LENTINI G., CRISTOFANELLI P., DUCHI R., MARINONI A., VERZA G., VUILLERMOZ E., TOFFOLON R. & BONASONI P.

Mount Rwenzori (4750 m a.s.l., Uganda): meteorological characterization and Air-Mass transport analysis

Pages 183-193

Abstract

The meteorological conditions at Mount Rwenzori (RWZ), in Western Uganda, are explored by analysing meteorological observations carried out during the years 2006-2009 by an Automatic Weather Station (AWS) installed at 4750 m a.s.l. in the eastern part of the Mount Stanley (0° 22’ N and 29° 52’ E), the most extensive RWZ glacial mass.
The AWS provides hourly measurements of the main meteorological variables: air temperature, rain precipitation, atmospheric pressure, relative humidity, wind speed and direction, and global short-wave irradiance. In this work we described the typical seasonal and diurnal variations of the meteorological parameters recorded during the period October 2006 – August 2007 and July 2008 – June 2009. Throughout these periods, a remarkable low variability of the main meteorological parameters is detected, as expected for an equatorial high-altitude site.

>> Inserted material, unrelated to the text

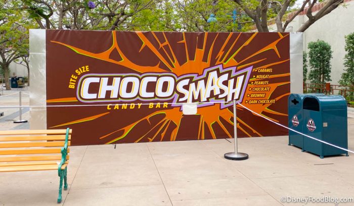 We were exploring the Disneyland parks today when we spotted that new signage has been added in Hollywood Land near Avengers Campus. What caught out eye first? Nothing other than this GIANT ChocoSmash Chocolate Bar!

Only for the rain precipitation amount a direct influence of the Inter Tropical Convergence Zone (ITCZ) can be detected. As deduced by the analysis of the typical seasonal diurnal variations, the local mountain weather regime is likely to dominate the variability of the meteorological parameters at RWZ. These measurements permitted to characterize for the first time the meteorological conditions of the Rwenzori Mountains. In addition, the Lagrangian model HYSPLIT has been used to calculate a 2-year climatology of three-dimensional air-mass back-trajectories in order to provide a description of the synoptic-scale atmospheric circulation affecting the measurement site, and verify the seasonal influence of the ITCZ on large-scale atmospheric circulation at RWZ.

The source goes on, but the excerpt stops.